Несколько минут они шли молча. Рут остановилась. Прямо из-под ног у нее выскользнула ящерица и юркнула под камень. Облачка на небе, казалось, стояли на месте. Они были такого же цвета, как и пустыня вокруг: желтовато-охристого.
— Вы странный человек, — вдруг сказала Рут. — Порой я ловлю себя на мысли, что мне хочется верить вам. Вы обладаете даром убеждения. Вы прирожденный проповедник…

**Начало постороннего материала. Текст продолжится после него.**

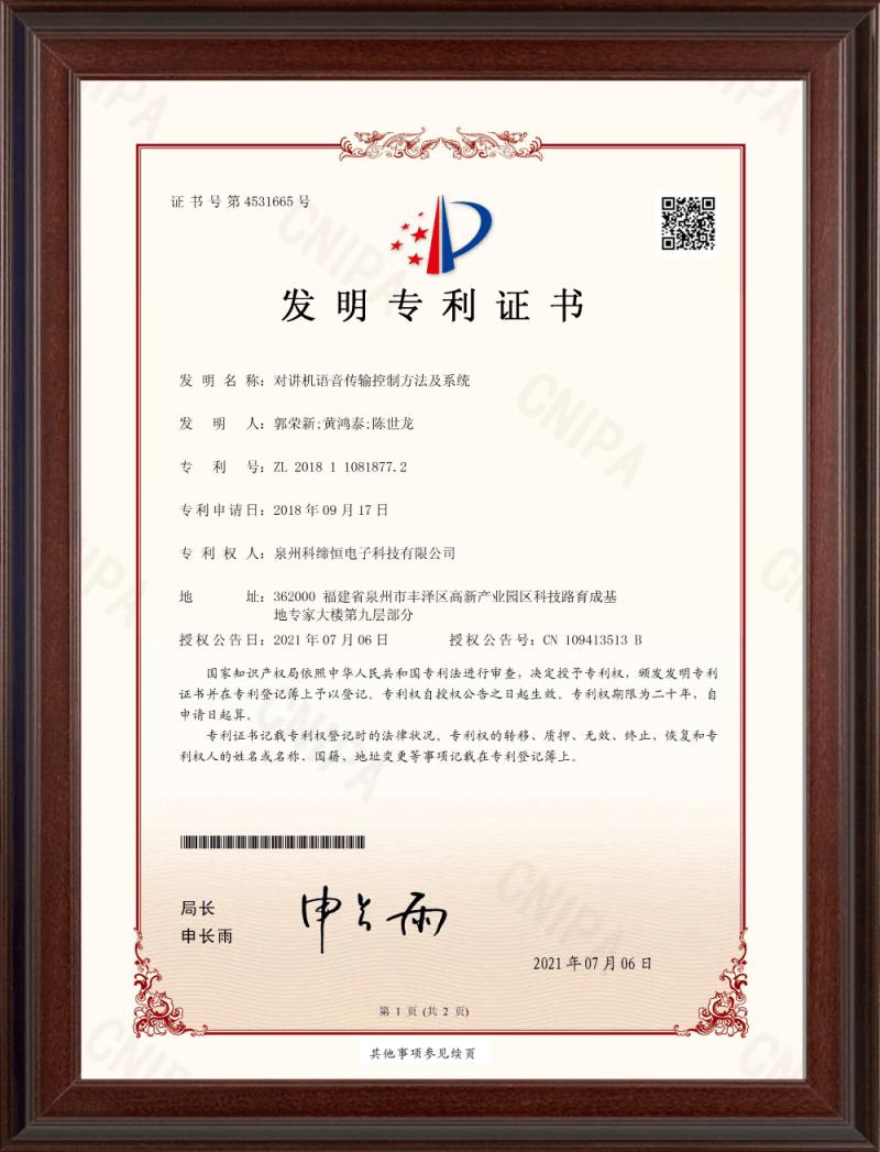 發(fā)明專利(對講機語音傳輸控制方法及系統(tǒng))

— Вы льстите мне, мисс Дойчер.
— Я думаю, вы можете перейти просто на Рут.
— Спасибо.
— Но обождите. Одно настораживает меня. Настоящие проповедники, от библейских пророков до наших дней, обличают. Они наша совесть. Они видят дальше нас и предупреждают нас о том, куда приведут нас наша слепота и наш эгоизм. Вы же… Вы же… У меня впечатление, что совет директоров должен быть в восторге от ваших проповедей. Я не хочу сказать, что они диктуют вам текст ваших проповедей, но я всегда настороженно относилась к апологетам власть имущих. А наша власть — совет директоров. И заметьте: это не выборная власть. Я не голосовала за него и инстинктивно я всегда настороже. Я не привыкла к благодеяниям власти. Или фонда в данном случае.
Антуан Куни остановился и медленно поднес руку Рут к своим губам.

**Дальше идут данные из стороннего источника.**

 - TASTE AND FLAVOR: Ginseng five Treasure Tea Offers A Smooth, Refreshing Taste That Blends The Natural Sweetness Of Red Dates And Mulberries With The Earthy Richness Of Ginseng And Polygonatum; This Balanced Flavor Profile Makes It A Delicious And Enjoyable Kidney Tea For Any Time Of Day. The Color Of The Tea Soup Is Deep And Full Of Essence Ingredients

— Очаровательная моя анархисточка, — нежно сказал он. — Настороженный интеллектуальный зверек.
— Спасибо, — усмехнулась Рут. — За поцелуй и за зверька.
— Вы не понимаете. Вы не понимаете, как соблазнителен и как легок путь отрицания. Первое, что делает в своей жизни ребенок, — он отрицает, он критикует. Он орет, потому что недоволен миром. Это легко, потому что это разрушительный путь. А ломать всегда проще, чем создавать. Удивительно, что даже сильные умы часто незаметно для себя скатываются на наклонную плоскость дешевого критиканства.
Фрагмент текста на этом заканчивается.